Canadian Prime Minister Justin Trudeau apologized on Monday for granting a federal aid program to a private organization that has paid his family at least $220,000, Canadian newspaper the Globe and Mail reported on Tuesday.

On Tuesday, Trudeau faced increasing calls from both sides of the aisle for him to testify before parliament over his involvement in the federal government’s decision to grant a now-canceled $664 million federal contract to We Charity, an organization that has paid his family members on multiple occasions for speaking engagements.

“I made a mistake in not recusing myself immediately from the discussions, given our family’s history, and I’m sincerely sorry about not having done that,” Trudeau said at a press conference.

Both Trudeau and Canadian Finance Minister Bill Morneau apologized on Monday “for not recusing themselves from a cabinet decision about [the We] contract despite their personal and family ties to the organization. Mr. Trudeau’s family members, including his wife, mother, and brother, have been paid to take part in WE Charity events and Bill Morneau’s daughter is a contract employee there,” the Globe and Mail reported.

The Globe and Mail is “a media partner of WE Charity,” the newspaper disclosed in its article on Tuesday.

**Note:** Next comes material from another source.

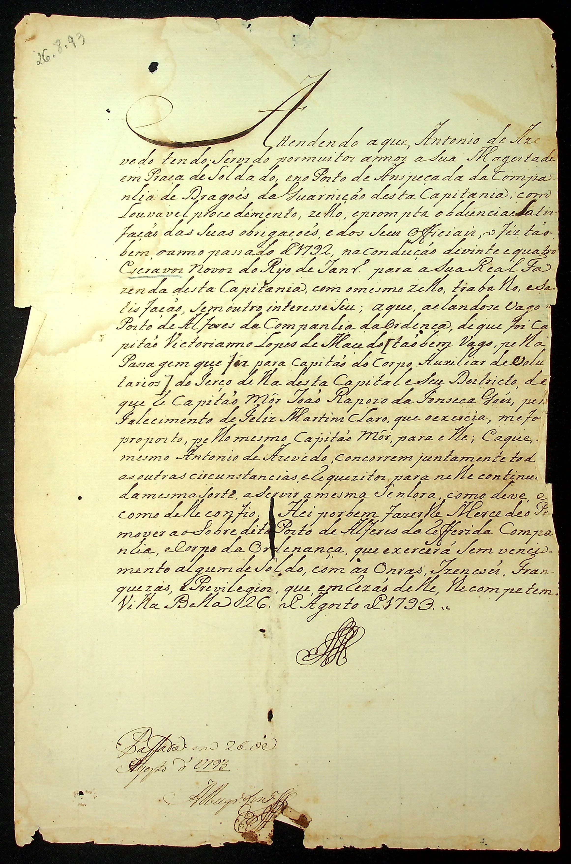 NOMEAÇÃO de Antônio de Azevedo ao posto de Alferes da Companhia de Ordenança Auxiliar de Voluntários de Mato Grosso, passada pelo [Governador e Capitão General da Capitania de Mato Grosso João de Albuquerque de Mello Pereira e Cáceres].

The Conservative Party of Canada has asked the Royal Canadian Mounted Police to open a criminal investigation into the incident to determine whether fraud was committed in the government’s granting of the contract to the charity. Conservative members of parliament have demanded Trudeau and Morneau, both members of Canada’s leftist Liberal Party, testify before a parliamentary committee investigating the contract. On July 3, Canada’s ethics commissioner launched an investigation into whether the president violated the nation’s Conflict of Interest Act.

This marks Trudeau’s third ethics investigation since he was elected prime minister in 2015. Trudeau violated the Conflict of Interest Act in both previous instances. The first, in 2017, involved a vacation Trudeau took on a private island owned by the multibillionaire Aga Khan, the spiritual leader of the Ismaili Muslim sect. The second violation occurred last year when Trudeau attempted to protect the engineering company SNC-Lavalin from prosecution in a case that saw a subsidiary of the group “accused of paying bribes to secure contracts in Libya,” the BBC reported.

On July 13, independent research group Angus Reid released a survey that found that “half of Canadians (50%) approved of [Trudeau], while nearly half (48%) disapproved.” The Canadian non-profit says this represents “a slight drop from a high of 55% in May during the height of [the coronavirus pandemic], but [the percentage is] still significantly higher than [Trudeau’s] pre-coronavirus approval rating of 33% in February.”

The company noted that the “intensity of positive versus negative appraisal is striking – twice as many people strongly disapprove (34%) than strongly approve (16%).”